Page 20 of Colliding Galaxies


  ***I’m all yours, Base…but I’m losing it…losing it fast…now fine motor control down to half, attitude and orientation, propulsors, sensors, molecule analysis, replication…***

  With ruthless efficiency, the enemy master whirred and chopped every device ANAD could generate. ANAD had tried to counter, replicating probes, inserters, jaws, cilia, pumps, blowers—but it was no use.

  Gibbs couldn’t bear to watch the viewer in his eyepiece. Tiled along the edge of the swirling froth of combat, status icons were showing up red everywhere. They were losing ANAD in the face of the OpFor assault and somewhere deep inside Valleyville, Captain Dana Tallant was no doubt smirking with satisfaction.

  Johnny Winger set grimly to work, now taking full command through his keypad of the master ANAD assembler.
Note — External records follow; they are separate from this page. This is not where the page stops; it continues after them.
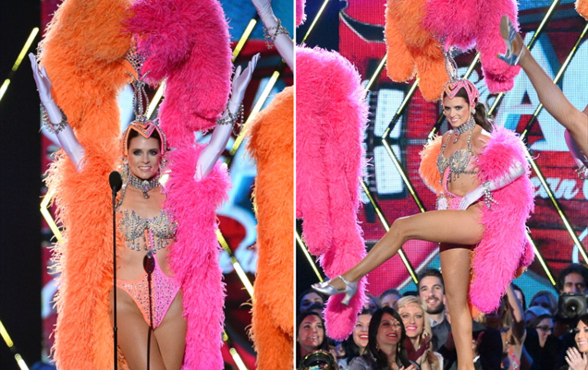 Športnica, ki slovi tudi po svojem privlačnem videzu, je med Američani izjemno priljubljena, tokrat pa se je preizkusila tudi v vlogi sovoditeljice podelitve ameriških country nagrad, ki je bila v Las Vegasu. Enaintridesetletna Danica se je za enega od izhodov preoblekla prav v značilen kostum plesalk iz mesta zabave in dokazala, da ji drznosti ne manjka – tudi ko ni za volanom.
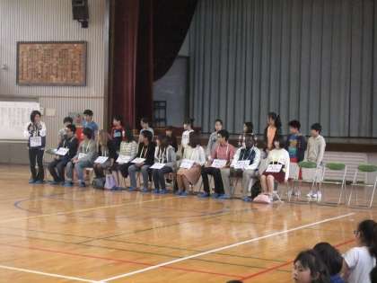 本校では創価大学の留学生をお迎えして、今年度も国際理解教育を行いました。3時間目は体育館で全体会を行いました。本校の校歌を聞いてもらい、そのあと、留学生の方々から自己紹介をしてもらいました。次に、みんなで歌おうということで歌を1曲歌い、そのあと全員でじゃんけん列車をしました。
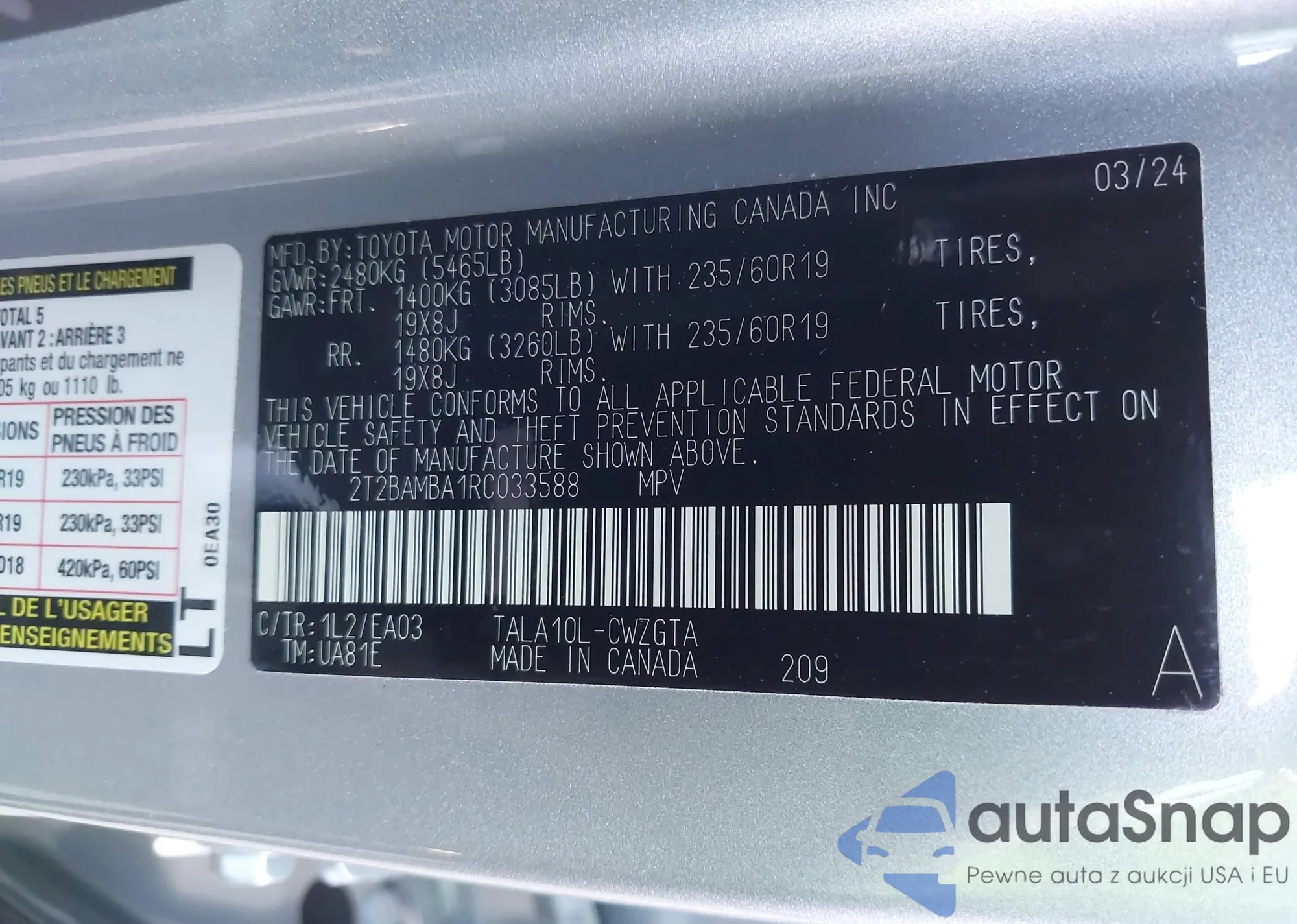 • VIN: 2T2BAMBA1RC033588
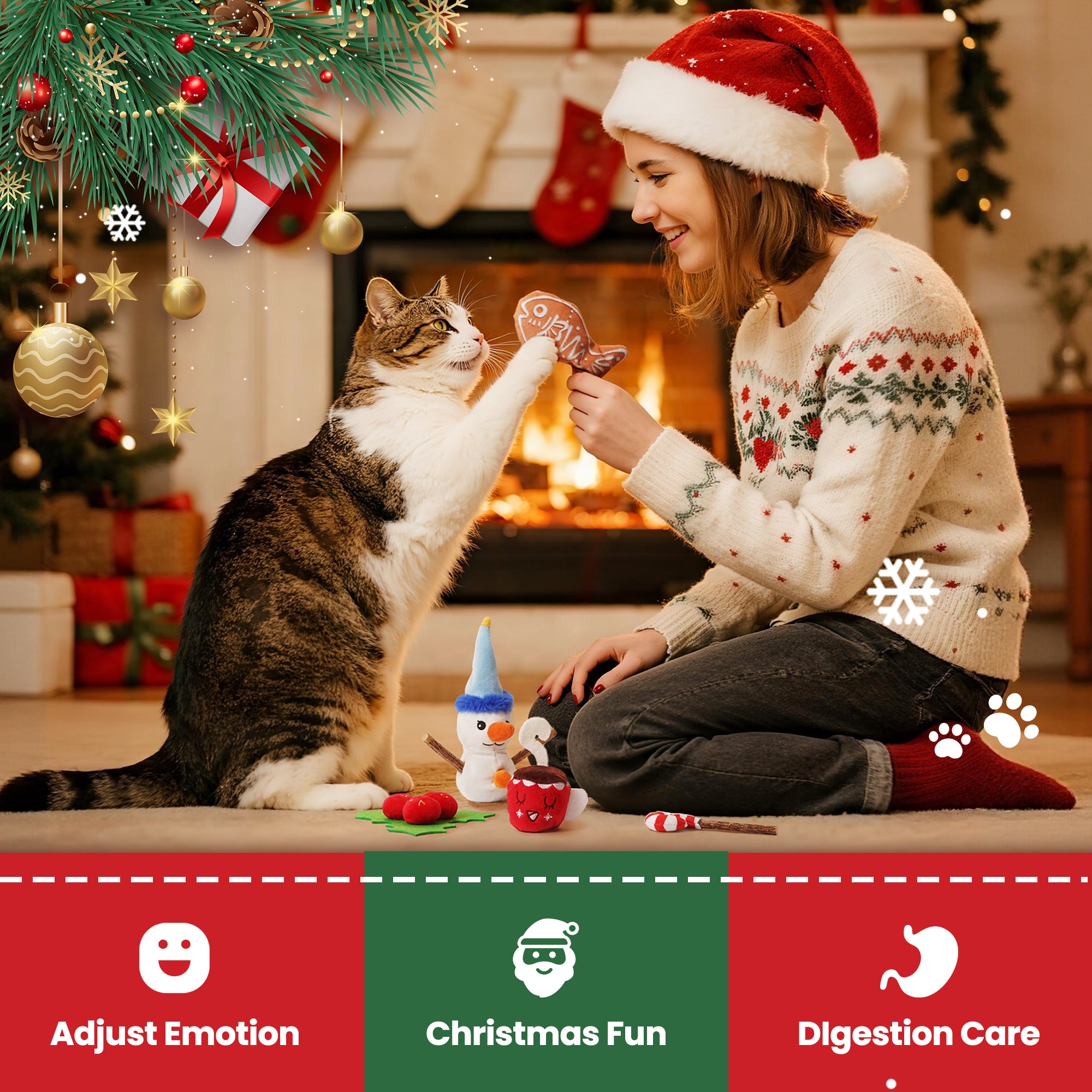 • This PURETOY set includes 5 charming Christmas-themed cat toys: a snowman, gingerbread fish, candy cane, coffee cup, and holly berry. Perfect as Cat Christmas Gifts, each unique design sparks your cat’s curiosity and festive joy, making it a top pick for Christmas Cat Toys.

Somehow, he had to wriggle out of the encirclement and outflank the enemy formation.

  Overhead, the air was electric with an impending thunderstorm, and with the shriek of nanomech combat, staticky pops and bursts danced like St Elmo’s fire across the heads of the half-buried cadets. A rolling, roaring gale of mechs swept across the ridgeline as the two armies tore at each other with ferocious momentum. Winger felt a few drops of rain on his arms. He looked up, saw low clouds scudding in from the west. Lightning flickered behind the clouds.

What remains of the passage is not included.